Death will no longer have a hold. The Lord Jesus experienced it first, and so will we. Consider the hope and the promise of realizing that Jesus now experiences that newness for which we long. The great preacher Matthew Henry stated that in His resurrection, Jesus “has given us an example and evidence of our resurrection from the dead.”
Now this final group of words says, “that in everything he might be preeminent.” Earlier I mentioned the apostle John, who wrote the NT book of Revelation. He also wrote a history of Jesus’ ministry. We call it the gospel of John. And to start that book, John uses some familiar language. The first three words are “In the beginning.”
He says, “In the beginning was the Word.” “The Word” was a term or a title used in reference to the divine nature of Jesus. Jesus was God come to earth. John goes on to say, “and the Word was with God, and the Word was God. He was in the beginning with God.
We understand from all of Scripture that God is triune in His nature, three distinct persons and yet not three gods. One God: the Father, the Son, and the Holy Spirit. Three in one. God the Son was there with the Father and the Spirit at creation. This why John goes on to say about Jesus that, “ All things were made through him, and without him was not any thing made that was made.” God the Son, being one person of the triune God, was present and involved in the creation of these heavens and this earth that we read about in Genesis and that John refers to at the start of his gospel.
And being the creator, God the Son is also the ruler over the creation as a member of the Godhead. Earlier in the worship service, when we proclaimed what we believe, we read, “by him all things were created, in heaven and on earth, visible and invisible.”
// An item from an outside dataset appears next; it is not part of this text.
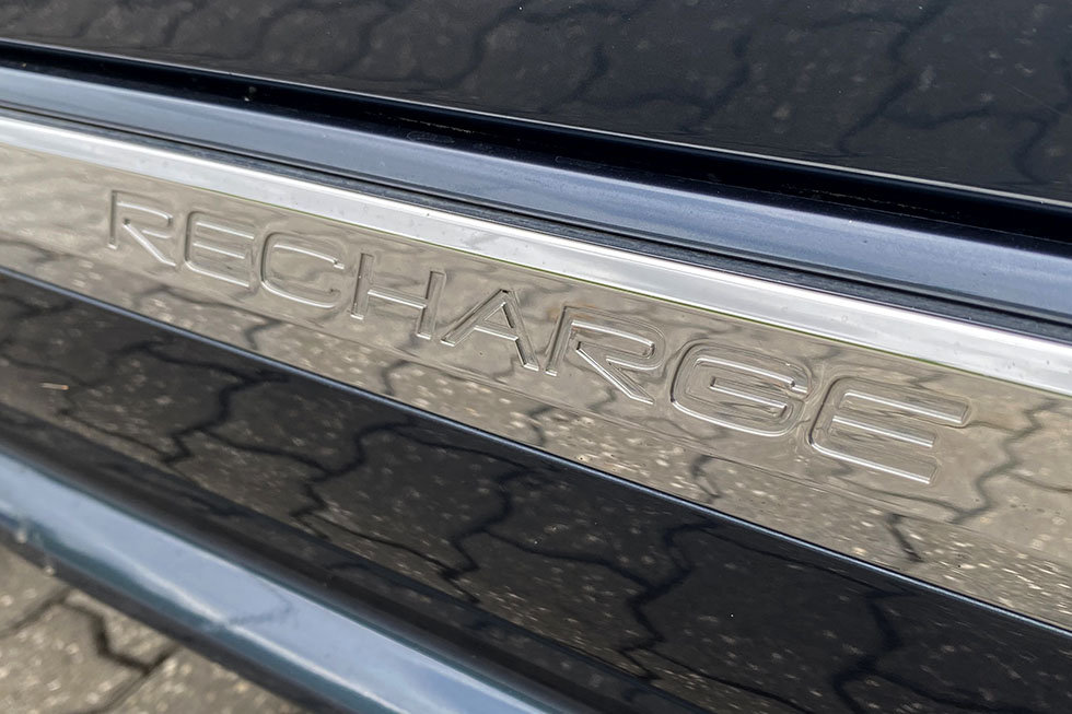 Apesar de ter chegado ao mercado há sete anos, as linhas da carroçaria do Volvo XC90 ainda continuam perfeitamente atuais e de acordo com os restantes modelos da marca. As suas constantes atualizações têm sido apenas de pormenor, evolução tecnológica ou reforço de equipamento, pelo que o atual topo de gama da marca continua a destacar-se pela imagem mais nobre e distinta, mas também pelo minimalismo nórdico e pelo tamanho imponente. Na lateral, a designação Recharge marca presença nos frisos laterais em cromado, mas também no discreto logo existente na tampa da bagageira. E depois, as assinaturas visuais em LED, tanto à frente como atrás, também anunciam a presença de um Volvo.

Jesus ruled over this present creation, and when rose from the dead to immortality, when He began and experienced the new creation, He was installed as the ruler of it as well.
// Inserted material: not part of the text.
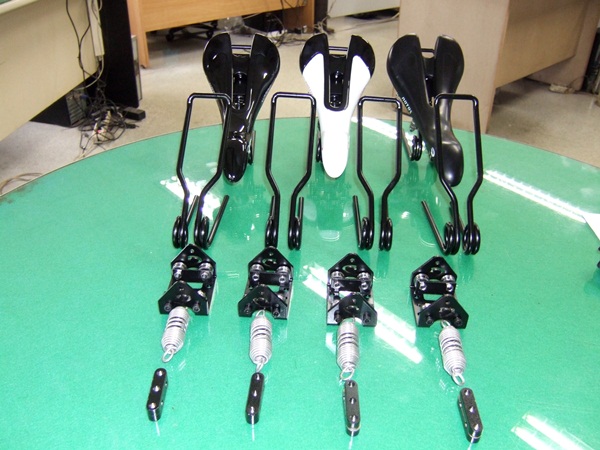 자전거용 안장 원 소재는 포스코에서 생산되는 SUP 9 스테인리스 선재를 갖고 인발과 직선절단, QT 열처리 후 연마공정을 거쳐 스프링강이 생산된다.

Jesus was now king over all creation, old and new. Therefore, in everything He is preeminent, which is to literally say that He holds first place. It’s not that Jesus will be installed as King on the last day, although at that time, His kingship will be visibly apparent to all.
But He was essentially installed at His resurrection. Having created the new order and being the first to enter, Jesus demonstrated His supremacy over all things. And as the ruler of the new creation, He alone makes the terms for entrance. He calls us to turn from sin and trust in Him, that we may come into that new creation. But entrance is not far off like you might think.
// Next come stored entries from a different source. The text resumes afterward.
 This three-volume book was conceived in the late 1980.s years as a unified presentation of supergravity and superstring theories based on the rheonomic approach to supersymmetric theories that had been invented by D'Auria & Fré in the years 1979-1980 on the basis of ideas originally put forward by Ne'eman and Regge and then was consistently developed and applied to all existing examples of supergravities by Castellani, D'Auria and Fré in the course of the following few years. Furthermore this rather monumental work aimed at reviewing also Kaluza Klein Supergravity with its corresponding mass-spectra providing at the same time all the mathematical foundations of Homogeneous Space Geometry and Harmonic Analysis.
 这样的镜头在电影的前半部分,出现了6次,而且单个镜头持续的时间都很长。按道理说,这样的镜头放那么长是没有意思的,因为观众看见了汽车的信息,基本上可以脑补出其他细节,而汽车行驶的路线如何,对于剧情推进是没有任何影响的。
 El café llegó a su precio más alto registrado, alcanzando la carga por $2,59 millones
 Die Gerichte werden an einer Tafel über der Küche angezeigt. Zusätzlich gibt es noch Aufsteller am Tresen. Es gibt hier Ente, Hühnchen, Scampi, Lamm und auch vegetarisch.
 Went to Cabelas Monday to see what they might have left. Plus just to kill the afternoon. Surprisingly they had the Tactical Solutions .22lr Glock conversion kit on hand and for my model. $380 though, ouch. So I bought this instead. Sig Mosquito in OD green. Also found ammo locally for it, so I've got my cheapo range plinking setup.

Romans 6 tells us that Christ was raised from the dead so that we might walk in newness of life. On the last day, yes. That will be the completion of it. But the newness of eternal life has broken into our present reality by the power of God.
When a person is born again by the power of God’s Spirit, that person is raised to spiritual life by the same power that raised Jesus from the dead. The Scriptures tell us that the Holy Spirit brings a person to life, making him or her able to turn from sin and trust in Jesus Christ by faith.
That salvation is our introduction, in a personal and real way, to the new creation yet to come. At His resurrection, Jesus opened the door to what one old hymn calls “a foretaste of glory divine.” We experience it individually through salvation, and then corporately, as the body of Christ, as the church, we experience and enjoy that newness together.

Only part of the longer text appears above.